Lowest Common Ancestor of a Binary Search Tree

https://leetcode.com/problems/lowest-common-ancestor-of-a-binary-search-tree/

Discussion

还是LCA问题，只是对BST。对比LCA I问题中通过1）bottom-up approach，在左右子树中分别找LCA，判断两个node是在left subtree or right subtree， 或者左右分别一个；2）Top-Down Approach，通过count左右子树中match nodes的个数来判断是在左右子树中的哪个。如果是BST的话，这些判断就变得非常非常简单了，都比root->val大，那就在右子树，都比它小，就在左子树。
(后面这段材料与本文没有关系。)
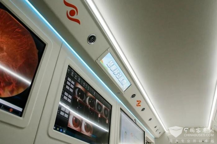 此次“慧眼移动医院”的重大技术升级,通达电气在车辆整体方案设计上也实现了进一步优化。首先在整车的设计上,结合车内医疗设备的使用,量身定制固定方案,车辆还搭配了通达电气路牌、多媒体信息屏、塞拉门、氛围灯、通道灯等系列成熟产品,对车内布局做整体定制化设计,采用嵌入式安装方案,做到美观的同时又尽可能的释放车内空间。在车辆电气方案同步进行优化,设备高度集成化控制,有效降低能耗,提升可靠性和扩展性。车辆除了搭配通达电气自主创研的减震保护系统及5G独立核心网之外,还首次部署了先进的AI人机交互功能,实现语音唤醒,患者可轻松自助操作,实现高智能化移动医疗服务体验。
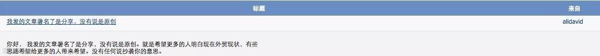但对方回复的站内信称:“我发的文章署名了是分享,没有说是原创……没有任何抄袭你的意思。”[k]。
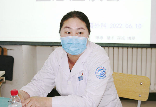 会上,普外科主任王峰对参加座谈会的患者及家属的配合表示感谢。王峰主任表示,普外科是齐医附属二院传统科室、优势科室,具有优良的文化传统和先进的技术力量,在科室发展过程中始终坚持以病人为中心,随着时代的变迁,管理团队意识到新时代医患关系逐渐发生变化,为进一步全面提升患者的诊疗体验,提高科室运转效率,部分医疗管理细节亟待完善,本次座谈会希望患者及家属坦诚沟通,希望全体医护人员细心倾听患者所说,进行深入思考讨论,以提升医疗服务质量效率。
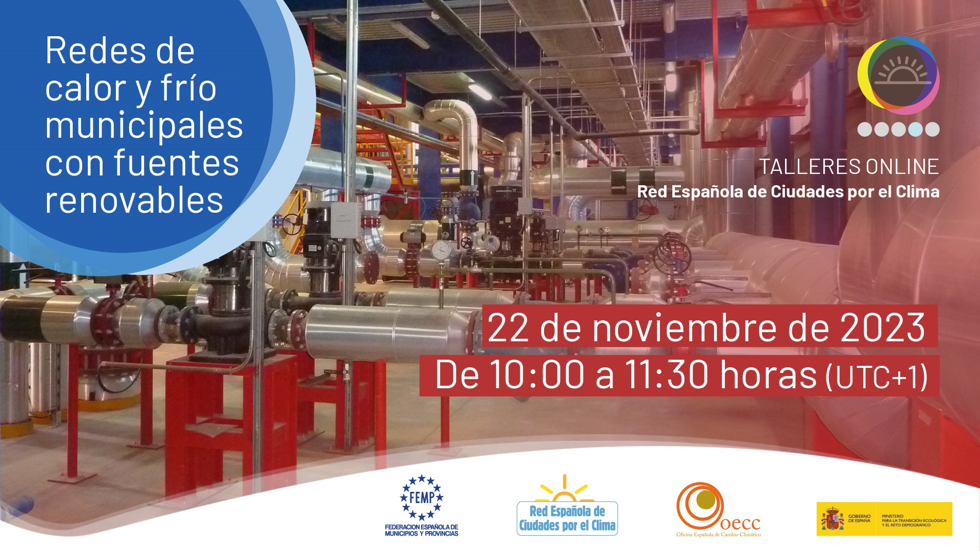 La Red Española de Ciudades por el Clima, en colaboración con la Oficina Española de Cambio Climático, continúa con el ciclo de talleres de Acción Climática. El próximo 22 de noviembre, de 10:00 a 11:30 horas (UTC+1), celebraremos el taller sobre Redes de calor y frío municipales con fuentes renovables, dirigido a responsables técnicos y políticos de la Red Española de Ciudades por el Clima.
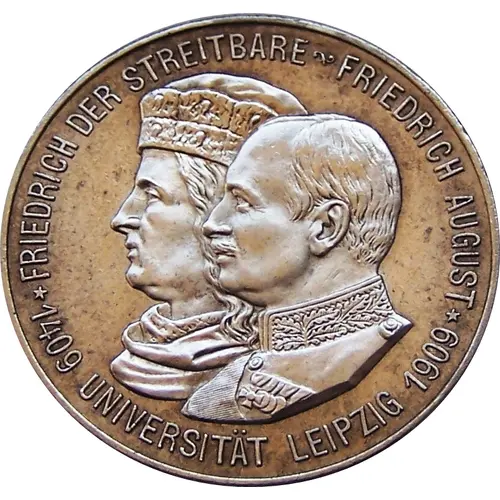 | Obverse lettering | FRIEDRICH DER STREITBARE ~ FRIEDRICH AUGUST * 1409 UNIVERSITÄT LEIPZIG 1909 * |
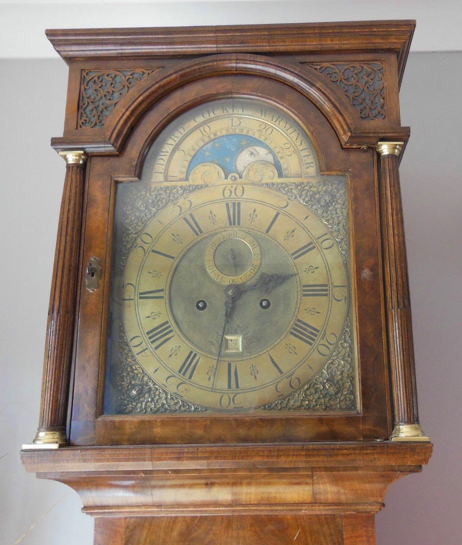A longcase clock made by Edward Cockey of Warminster sold on eBay on Saturday (12th July 2014) for £2,550. Up for auction, the clock, mistakenly listed by the seller as being the work of Edward Corkey, was described as being in “an oak case with a mahogany veneer, 7 feet 2 inches high; keys for the case but no key for the clock, some scratches and marks over the body of the clock.”
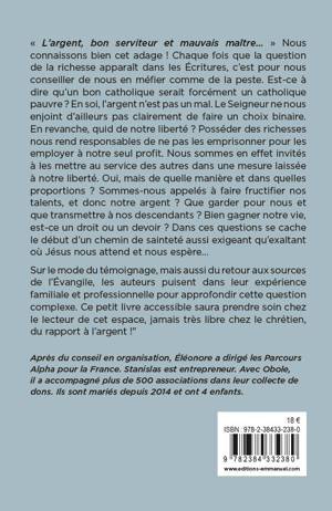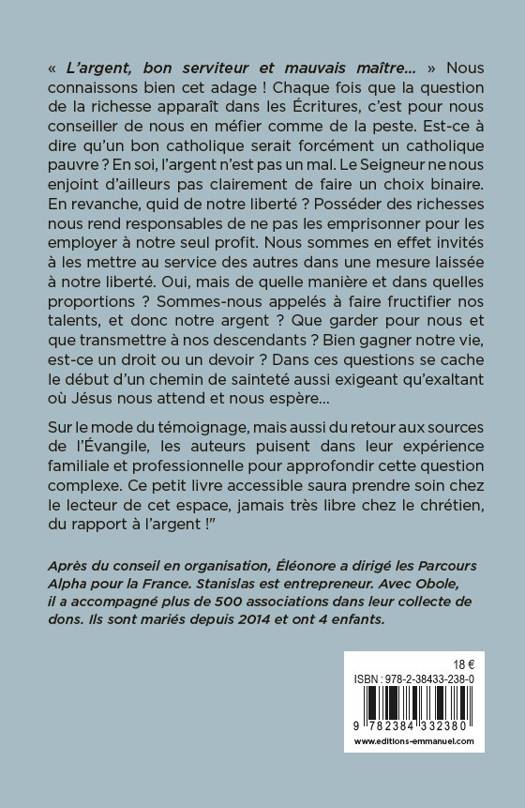 L’argent, bon serviteur et mauvais maître… A chaque fois que la question de la richesse et de l’argent apparaît dans les Ecritures, c’est pour s’en méfier comme de la peste. Est-ce à dire qu’un bon catholique est nécessairement un catholique pauvre ? Sur le mode du témoignage, mais aussi du retour aux sources de l’Evangile, Stanislas et Eléonore puisent dans leur expérience pour nous livrer ce passionnant essai. Non, l'argent n'est pas un mal en soi. En avoir nous rend responsables de ne pas l’emprisonner à notre seul profit, mais de le mettre au service des autres dans une mesure qui est laissée à notre liberté. Un petit livre accessible et capable de prendre soin chez le lecteur de cet espace, jamais très libre chez le chrétien, du rapport à l’argent !

不然的话就是一个大一个小，或者有相等的，那就是root了。

Solution

class Solution {
public:
    TreeNode* lowestCommonAncestor(TreeNode* root, TreeNode* p, TreeNode* q) {
        if(root == NULL) return NULL;
        if(max(p->val, q->val) < root->val) {
            return lowestCommonAncestor(root->left, p, q);
        } else if(min(p->val, q->val) > root->val) {
            return lowestCommonAncestor(root->right, p, q);
        } else {
            return root;
        }
    }
};

The run time complexity is O(h).

Transfer the tail recursion to iterative method.

class Solution {
public:
    TreeNode* lowestCommonAncestor(TreeNode* root, TreeNode* p, TreeNode* q) {
        if(root == NULL) return NULL;
        stack<TreeNode*> stk;
        stk.push(root);
        int max_v = max(p->val, q->val);
        int min_v = min(p->val, q->val);

        while(stk.empty() == false) {
            TreeNode *cur = stk.top();
            if(max_v < cur->val) {
                stk.push(cur->left);
            } else if(min_v > cur->val) {
                stk.push(cur->right);
            } else {
                return cur;
            }
        }
        return NULL;
    }
};